Bangga Indonesia! Geopark Rinjani Kembali Diakui Dunia oleh UNESCO.
Geopark Rinjani-Lombok berhasil mempertahankan status UNESCO Global Geopark dengan meraih "Kartu Hijau" untuk kedua kalinya dalam seremoni di Markas Besar UNESCO Paris. Pencapaian ini menjadi bukti komitmen Indonesia terhadap konservasi, edukasi, dan pembangunan berkelanjutan, serta melibatkan kerja keras berbagai pihak dari pemerintah hingga masyarakat adat. Status bergengsi ini diharapkan dapat meningkatkan daya tarik pariwisata, memberdayakan ekonomi lokal, dan memperkuat identitas masyarakat Lombok sebagai penjaga warisan alam dan budaya.

Kabar gembira datang dari panggung dunia, menegaskan kembali komitmen Indonesia terhadap konservasi dan pembangunan berkelanjutan. Geopark Rinjani-Lombok, permata geologi dan budaya di Nusa Tenggara Barat, berhasil mempertahankan status bergengsi UNESCO Global Geopark dengan meraih "Kartu Hijau" atau Green Card untuk kedua kalinya. Pengumuman penting ini dilangsungkan dalam sebuah seremoni di Markas Besar UNESCO di Paris, Prancis, pada Selasa (28/4/2026), menjadi bukti nyata dari kerja keras kolektif dan dedikasi panjang berbagai pihak dalam menjaga dan mengembangkan kawasan tersebut.
Konteks & Latar Belakang
Untuk memahami sepenuhnya arti penting dari pencapaian ini, kita perlu menyelami apa itu Geopark Rinjani-Lombok dan status UNESCO Global Geopark. Geopark Rinjani-Lombok adalah kawasan yang secara geografis melingkupi Gunung Rinjani yang megah di Pulau Lombok, Nusa Tenggara Barat. Kawasan ini bukan hanya dikenal karena keindahan alamnya yang memukau, tetapi juga kekayaan warisan geologinya yang unik, keanekaragaman hayati, serta budaya masyarakat lokal yang kental.
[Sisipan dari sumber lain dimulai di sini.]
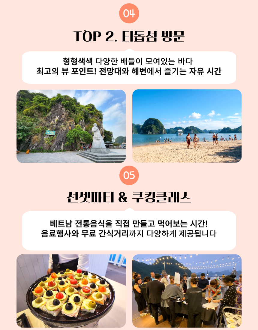 티톱섬은, 하롱베이 섬들 중에서 가장 높은 곳에 있습니다. 이곳은 최고의 뷰 포인트 입니다. 노약자는 오르기 조금 어려울 수 있습니다. 대신, 해변에서 바다수영 또는 물놀이를 즐길 수 있습니다. - 비치 체어 이용시 3만동 내외의 이용료가 있습니다. ( 개인 부담, 현장 결제 )
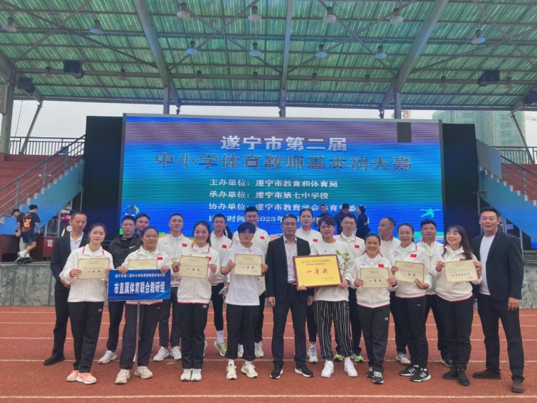 2023年10月23日至25日,由遂寧市教育和體育局主辦的“遂寧市第二屆中小學體育教師基本功大賽”圓滿結束,遂寧一中楊鵬老師代表遂寧市直屬學校代表隊參賽,并在比賽中表現(xiàn)優(yōu)異,榮獲一等獎,所在的市直屬學校代表隊也榮獲團體市一等獎。
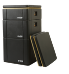 A raised lip on all boxes allows for stacking and locking of the lids.
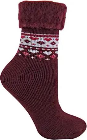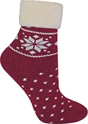 Damen Kuschelsocken mit Wolle Warm Thermo Bettsocken für Winter | Socken mit Norwegermuster (37-42, Rot)
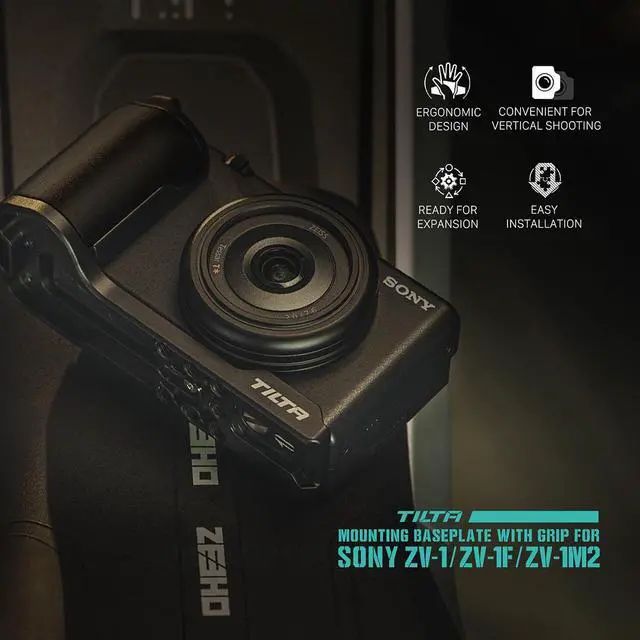Sony models: ZV-1, ZV-1F, and ZV-1M2, making it a versatile addition to your photography gear. The multiple 1/4"-20 threads with locating points on the right side facilitate convenient vertical shooting configurations, especially when used with a tabletop tripod or similar support system. In essence, this Mounting Baseplate with Grip for Sony ZV-1, ZV-1F, and ZV-1M2 is a comprehensive solution for photographers and videographers seeking to maximize their camera's potential and enhance their shooting experience.

Gunung Rinjani sendiri adalah gunung berapi aktif tertinggi kedua di Indonesia, menawarkan kaldera spektakuler dengan Danau Segara Anak di dalamnya, serta formasi batuan vulkanik yang menceritakan sejarah bumi.
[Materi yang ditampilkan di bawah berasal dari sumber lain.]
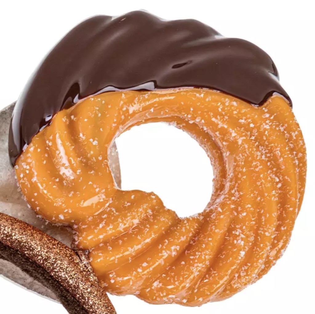 Looking at the ears, the churro design really does look pretty realistic. Both are covered with specks that look like the sugar coating on real churros and there’s a bit of “chocolate frosting” on top of each ear. The front and back are the same on these ears.
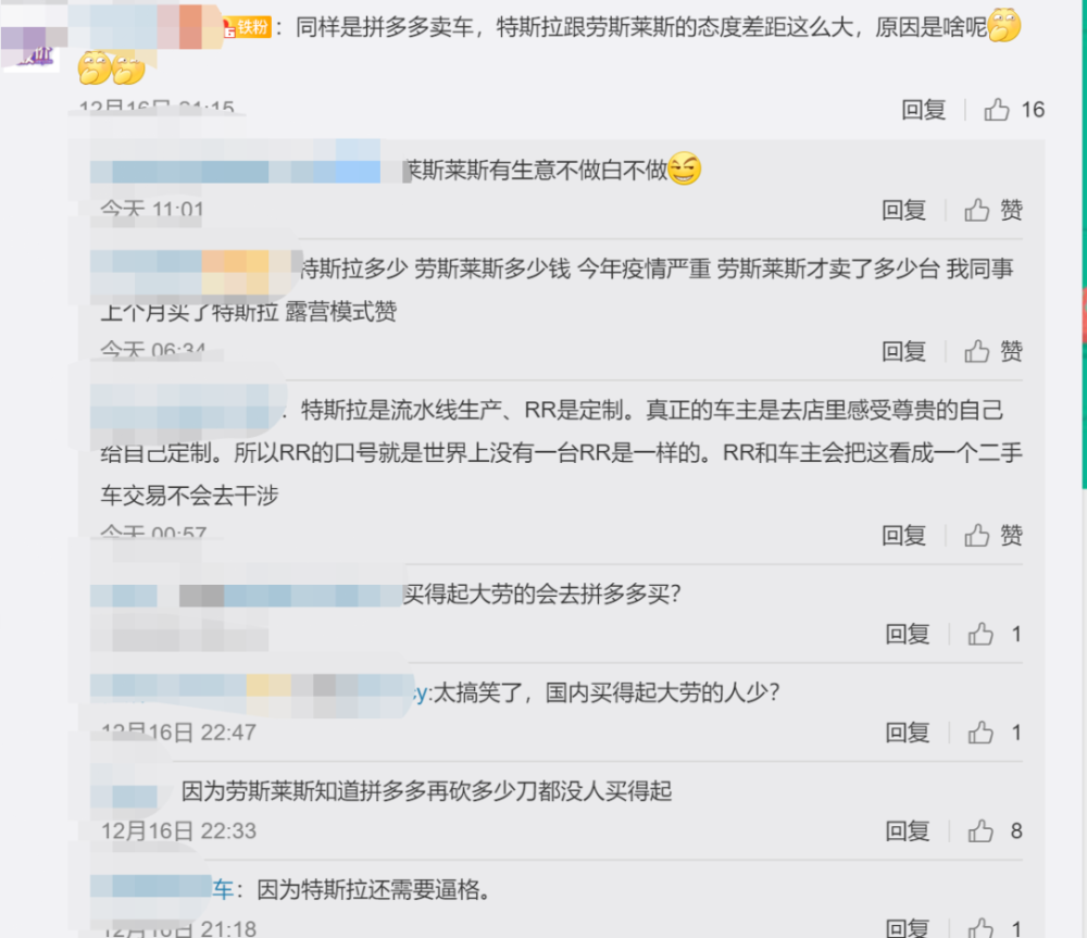 此外,还有人将劳斯莱斯和此前特斯拉的回应放在一起对比。众所周知,8月,拼多多推出特斯拉团购活动,结果特斯拉不认,说两家公司并无任何合作,认为拼多多扰乱特斯拉价格体系,坚持直营模式。
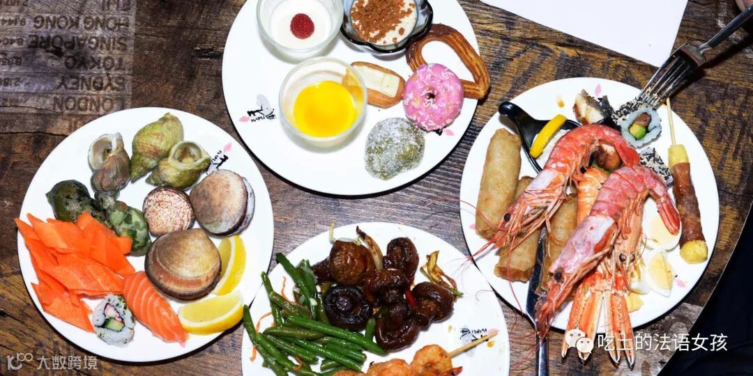 Après vingt minutes d’attente, la famille est invitée à rejoindre une table collée à la vitre maculée de(有..污迹) bisous d’un jardin d’enfants. Pour accéder au banquet(n.m.宴会), situé à une bonne minute de marche, il faut se frayer un chemin(开出一条路) entre les grappes(n.f.群,伙,帮) de mangeurs et les androïdes(n.m.机器人) à tête de chat qui acheminent les breuvages(n.m.饮料). Arrivés à destination, père et fils marquent un temps d’arrêt(..了一瞬). Par où commencer ? Le tableau général évoque un grand bazar(n.m.集市) de quelque trois cents mets… A droite du jambon à la découpe trône(v.i.端坐居中) l’incontournable fontaine à chocolat. En face des ragoûts, des bonbonnières de toutes les couleurs. A côté des sushis(n.m.寿司), des fromages rivalisent avec des poissons frits et des kilos de viande crue attendent de passer sur le gril(n.m.烤架).
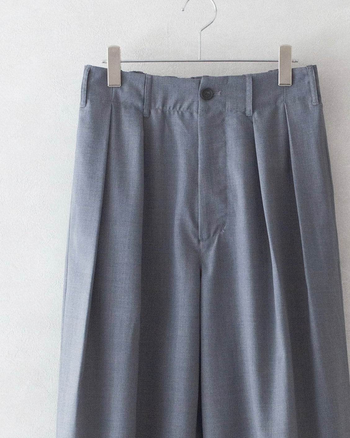 シルエットは、腰元に2タックを設けたワイドストレート。

Status UNESCO Global Geopark adalah pengakuan internasional dari Organisasi Pendidikan, Ilmu Pengetahuan, dan Kebudayaan Perserikatan Bangsa-Bangsa (UNESCO) atas area geografis tunggal dan terpadu yang situs serta lanskapnya memiliki nilai penting secara geologi internasional. Namun, pengakuan ini lebih dari sekadar apresiasi geologi; ia adalah komitmen terhadap manajemen holistik yang mencakup konservasi, pendidikan, dan pembangunan berkelanjutan bagi masyarakat lokal. Proses revalidasi yang harus dilalui setiap empat tahun menunjukkan bahwa status ini bukan sekali jadi, melainkan sebuah amanah yang harus terus-menerus dibuktikan dan dikelola sesuai standar global. Ini yang menjadikan pencapaian Kartu Hijau kedua bagi Geopark Rinjani-Lombok begitu istimewa dan layak dirayakan.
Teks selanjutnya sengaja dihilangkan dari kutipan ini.